The NPRM starts with the premise that consumers ought to have control over how their data is used by their ISP. Telephone customers have had similar rights for years. Here are the primary areas that will be covered by the NPRM:

Transparency. The FCC wants ISPs to inform people about the information they collect about them. They want ISPs to further tell customers how they use this data and if and how the data might be sold to others. And the FCC wants all of this written in plain English (good luck with that!)

Security. The FCC believes that ISPs have the responsibility to protect customer data. The NPRM wants to require ISPs to take reasonable steps to protect customer data.

  • This would mean new rules for ISPs. They would have to institute training practices for employees, adopt strong customer authorization practices, identify to the FCC the senior manager(s) responsible for data security, and take responsibility of customer data when it’s shared with a third party.
  • There would also be new rules about data breaches. Customers would have to be notified of data breaches within 10 days of discovery. The ISP would need to notify the FCC within 7 days of any breach. ISPs would have to notify the FBI and the US Secret Service of any breach of more than 5,000 customers.

Choice. The NPRM suggest that customers be given a choice to say what kind of data their ISP may use and under what conditions it can be shared with others. The FCC wants to categorize customer data into three categories:

  • First is the data that an ISP must have in order to serve customers. This would be things like name, address and other data needed to bill a customer. And because the product is broadband the FCC believes that an ISP has the inherent right to do things like measure your total data usage and other related network information.
  • Second, the FCC thinks that an ISP ought to be able to use a customer’s data to market other telecom products to them. But, like with telephone service, the FCC thinks customers should have the right to opt-out of ISP marketing activity.
  • Third, the FCC is then suggesting that customers would need to opt-in to give an ISP the right to use their data for any other purposes.

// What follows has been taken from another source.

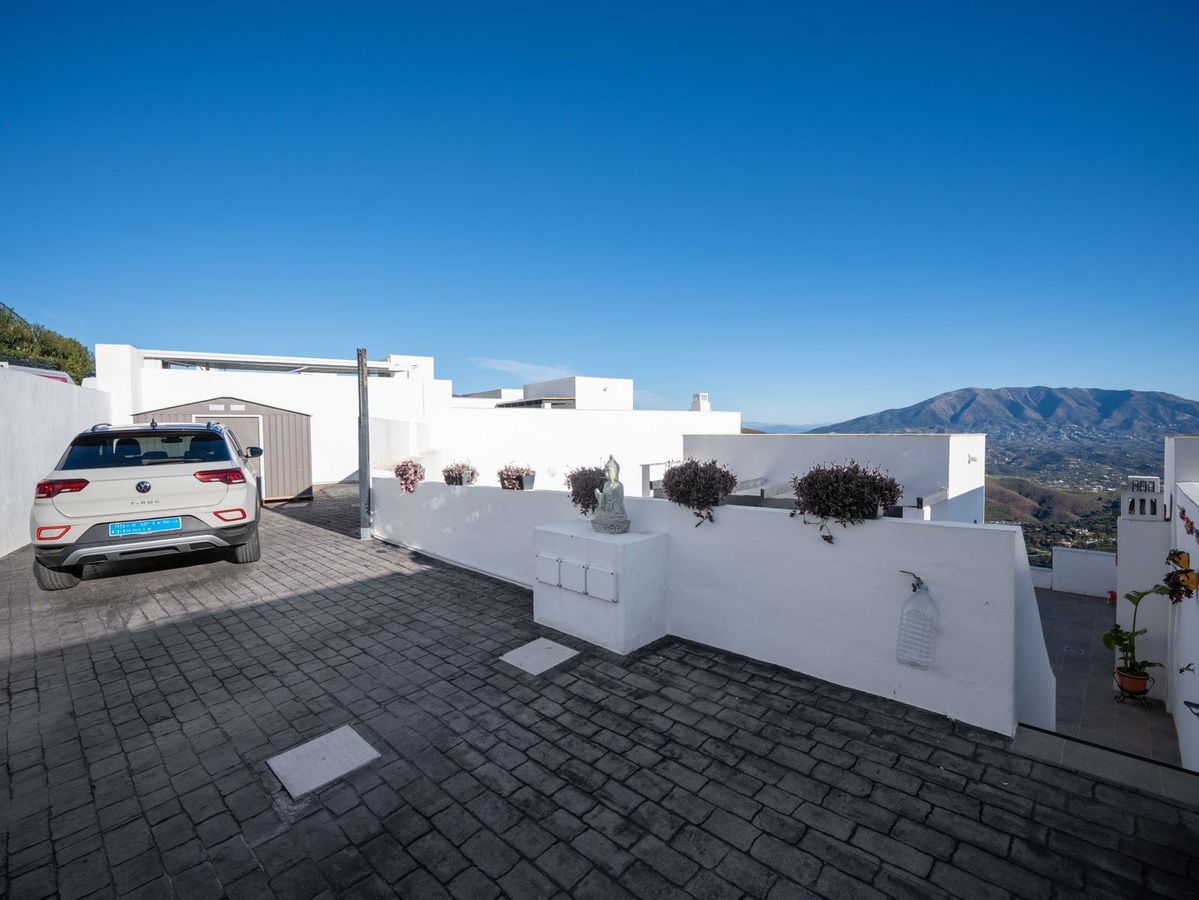 Casa Altavista is a south east facing luxury townhouse for sale with panoramic mountain sea and coastal views. It offers three bedrooms and three ensuite bathrooms within 172 m2 built. The modern spacious kitchen has a view and direct access to the internal patio. Open plan living and dining areas lead to the main terrace with a gate to a small private garden. The home includes air conditioning central heating a wood burning fireplace two private parking spaces and a storage room.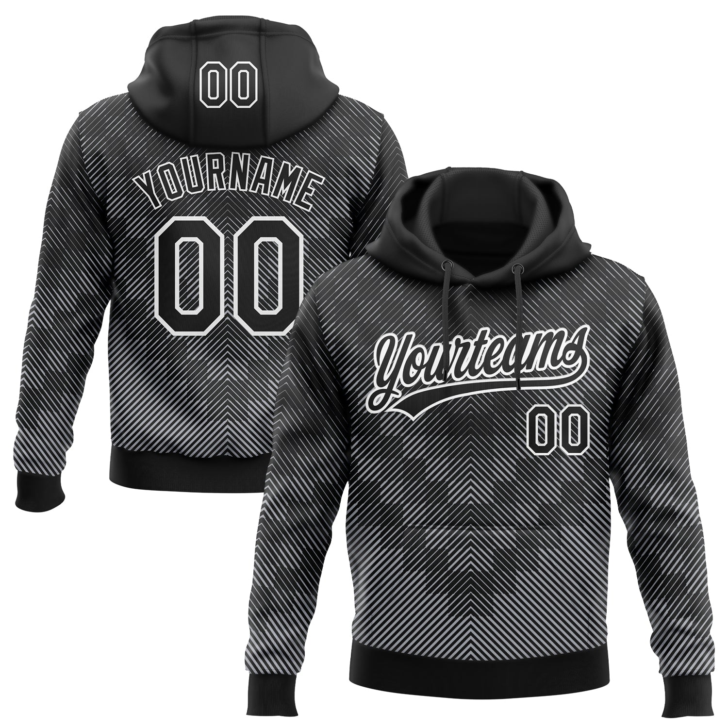 Custom Stitched Black White 3D Pattern Design Line Sportswear Pullover Sweatshirt Hoodie

The FCC wants these to be rules about customer permission and protection of data and they are not prohibiting ISPs from gathering and using data as long as the customer approve of it. As is usual with this kind of NPRM we can expect a lot of comments both for and against the proposal. What I find most unusual about this NPRM is that it largely assumes that the FCC is going to prevail in its order to regulate broadband under Title II rules. If that gets order gets overturned then protection of customer data would probably revert back to the FTC.